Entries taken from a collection

-.-.-

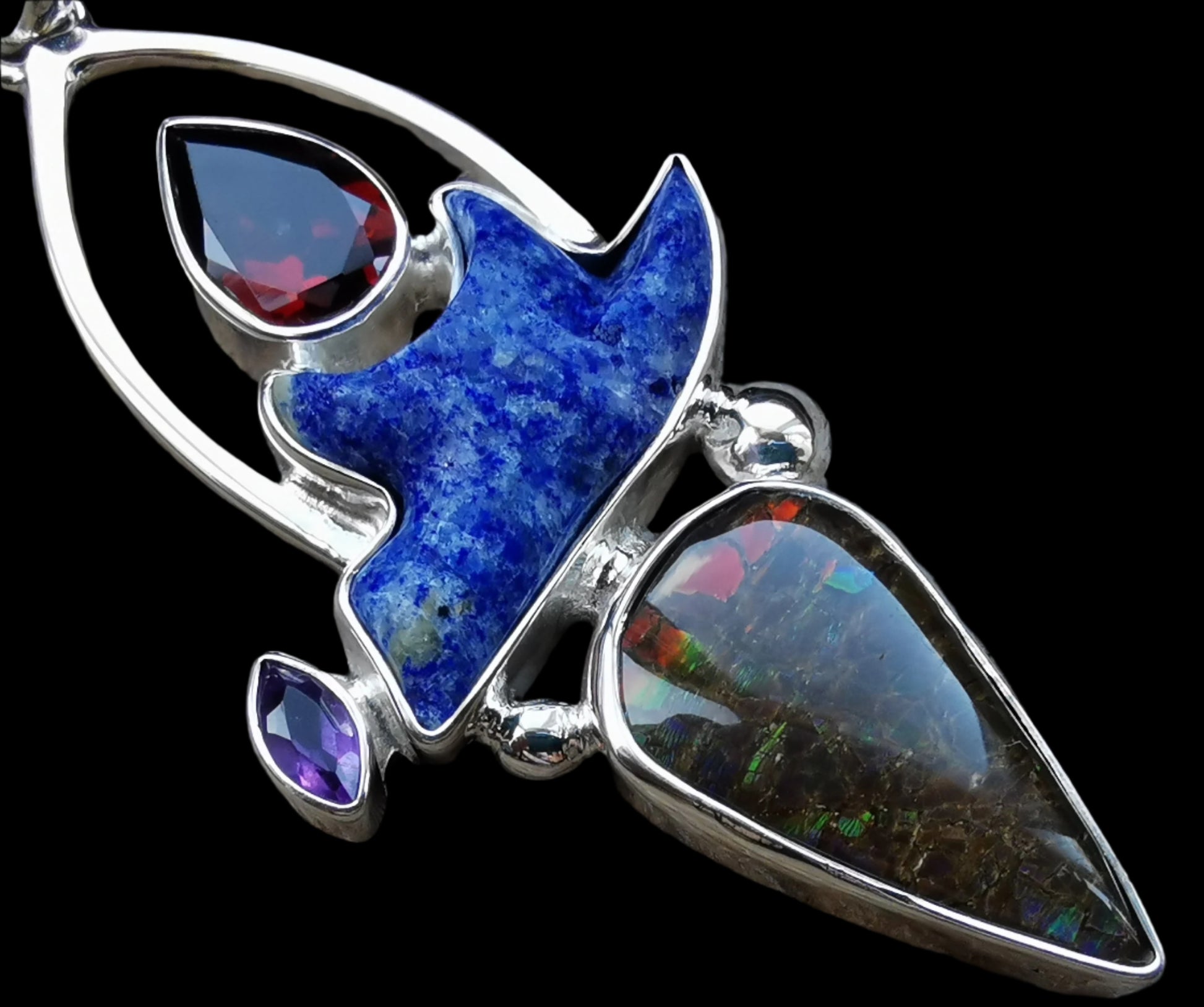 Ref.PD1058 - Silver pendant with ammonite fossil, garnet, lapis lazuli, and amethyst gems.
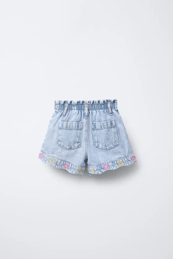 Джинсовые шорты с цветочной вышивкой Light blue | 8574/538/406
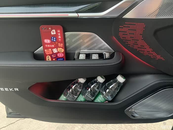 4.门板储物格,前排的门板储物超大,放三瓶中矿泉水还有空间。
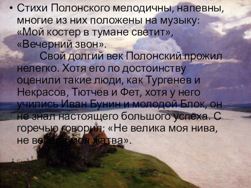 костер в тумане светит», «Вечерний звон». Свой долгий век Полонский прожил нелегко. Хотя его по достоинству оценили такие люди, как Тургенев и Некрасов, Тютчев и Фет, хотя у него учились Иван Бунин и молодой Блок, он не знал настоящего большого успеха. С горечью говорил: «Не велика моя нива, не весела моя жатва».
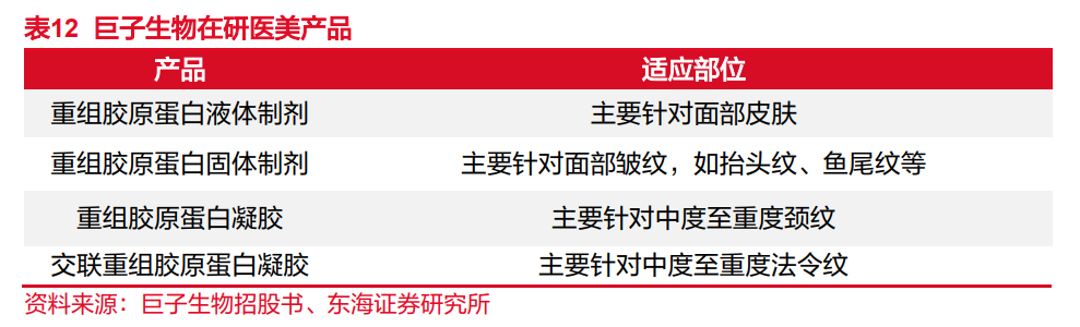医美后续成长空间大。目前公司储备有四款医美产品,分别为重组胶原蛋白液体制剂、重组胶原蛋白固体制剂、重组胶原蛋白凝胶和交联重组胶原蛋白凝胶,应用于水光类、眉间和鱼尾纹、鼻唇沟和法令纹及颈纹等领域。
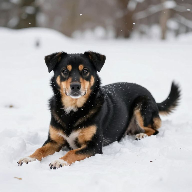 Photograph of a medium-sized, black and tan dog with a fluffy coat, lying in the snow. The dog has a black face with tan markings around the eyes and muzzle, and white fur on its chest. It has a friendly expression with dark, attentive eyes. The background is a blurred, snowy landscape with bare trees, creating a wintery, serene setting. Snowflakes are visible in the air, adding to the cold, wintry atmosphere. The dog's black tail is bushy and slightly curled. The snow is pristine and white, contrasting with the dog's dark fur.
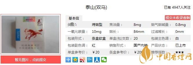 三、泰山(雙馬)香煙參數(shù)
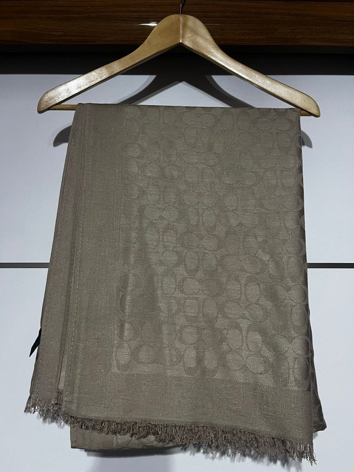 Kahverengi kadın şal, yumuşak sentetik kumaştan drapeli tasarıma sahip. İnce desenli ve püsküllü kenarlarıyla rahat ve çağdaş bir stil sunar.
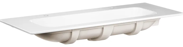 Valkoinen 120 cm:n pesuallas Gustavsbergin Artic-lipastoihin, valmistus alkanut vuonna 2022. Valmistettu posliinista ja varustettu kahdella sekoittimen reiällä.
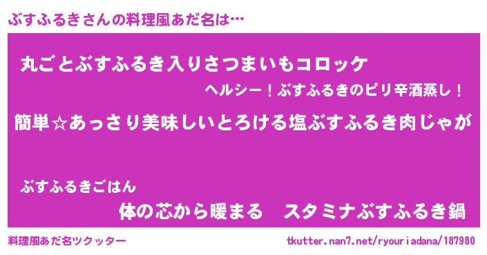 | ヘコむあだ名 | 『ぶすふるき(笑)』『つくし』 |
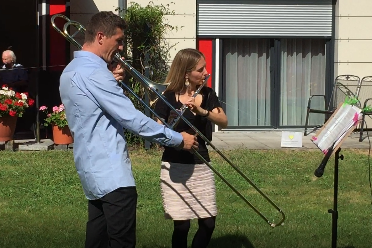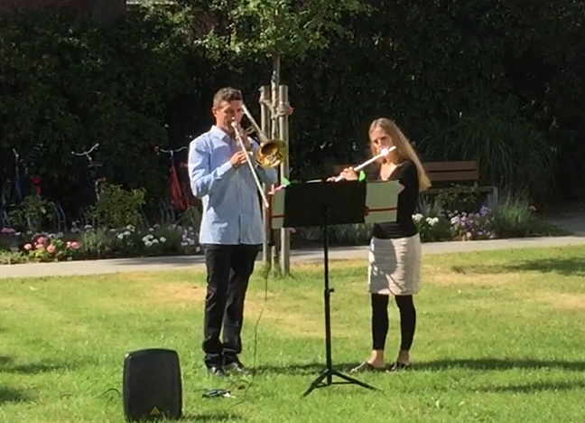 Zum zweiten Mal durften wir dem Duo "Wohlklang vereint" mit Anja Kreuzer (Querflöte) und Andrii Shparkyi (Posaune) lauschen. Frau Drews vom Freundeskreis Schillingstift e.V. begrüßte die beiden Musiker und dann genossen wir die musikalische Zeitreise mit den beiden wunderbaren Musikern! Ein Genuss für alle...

-.-.-

What is required: Only one stretch of the entries above is needed: the lines from the one containing "костер в тумане" through the one containing "医美后续成长空间大。目前公司". Copy it exactly, without the pictures.

Reply to the task:
 костер в тумане светит», «Вечерний звон». Свой долгий век Полонский прожил нелегко. Хотя его по достоинству оценили такие люди, как Тургенев и Некрасов, Тютчев и Фет, хотя у него учились Иван Бунин и молодой Блок, он не знал настоящего большого успеха. С горечью говорил: «Не велика моя нива, не весела моя жатва».
医美后续成长空间大。目前公司储备有四款医美产品,分别为重组胶原蛋白液体制剂、重组胶原蛋白固体制剂、重组胶原蛋白凝胶和交联重组胶原蛋白凝胶,应用于水光类、眉间和鱼尾纹、鼻唇沟和法令纹及颈纹等领域。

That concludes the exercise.